We get married later in life.
In 1950, median marriage age was 20 for women and 24 for men. Those numbers have jumped to 27 for women and 29 for men, respectively. So what happened? Well, a lot of it may have to do with increasing gender equality. As more women have pursued higher education, they have also taken a more prominent role in the workforce. The fact that marriage age is higher is probably a good thing, and allows people more time to invest in themselves and marry at a more financially stable and independent period of life.
More young men live at home than ever before.
Interestingly, not all demographic trends are clear indicators of societal development and economic prosperity. For example, the number of young adults between 18 and 24 living with their parents has remained pretty stable. However the number of 25–34 year-old men living at home has almost doubled since 1960. It’s hard to say for sure what caused this. Some might say the Great Recession and declining job opportunities have made men more economically dependent. It’s also possible that this generation is simply more risk averse or it may just be personal preference. It’s hard to say for certain but this increase of almost 10% is a big change from 1960.
Far more of us live alone than ever before.

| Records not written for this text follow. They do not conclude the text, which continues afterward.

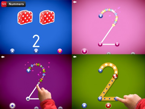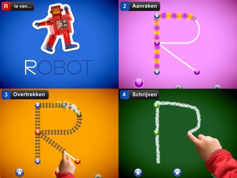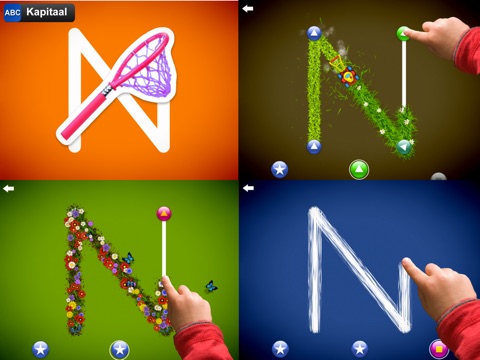 - Boeiende en interactieve speel manieren die het kind ertoe aanzet om drie keer een letter of een nummer te traceren met verschillende moeilijkheden (elke stap is uitdagender).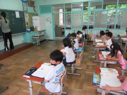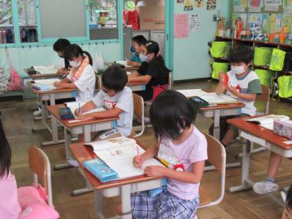 1年生の国語です。「おもちやとおもちゃ」の学習が進んでいます。小さい「ゃ」「ゅ」「ょ」、つまり拗音の勉強です。「じてんしゃ」「あくしゅ」「としょかん」・・・。実際に声に出したり書いたりしながら、正しい使い方、書き方を身につけていました。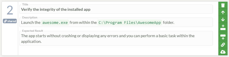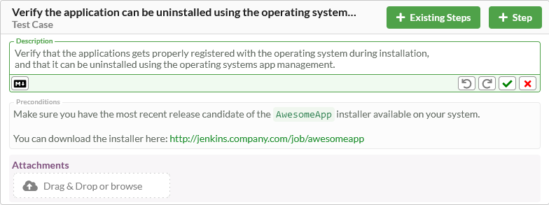 The Description field contains a more detailed description of what needs to be tested and done as part of the test step. You can use markdown notation in the description to create lists, show links, highlight important details, or to display inline images.

One final observation: the percentage of single-person households has gone from about 7% in 1960 to 35% now. That’s probably the most dramatic demographic shift of the three. In some ways, this might be related to the first trend I identified. As men and women wait longer to get married, they spend more time earning a living and being independent. Some couples may co-habitate longer before marrying, but certainly lots of individuals just wait longer to take on serious relationships too. I think this is the most neutral of facts. In some ways it indicates increased independence which is good. But there’s also the possibility this forebodes of the loneliness and isolation that come with prioritizing work over relationships.
It’s hard to know what explains these changes. Additionally, it’s hard to say whether the changes are good or bad. However, we can be sure that “normal life” is changing, and that change will only continue.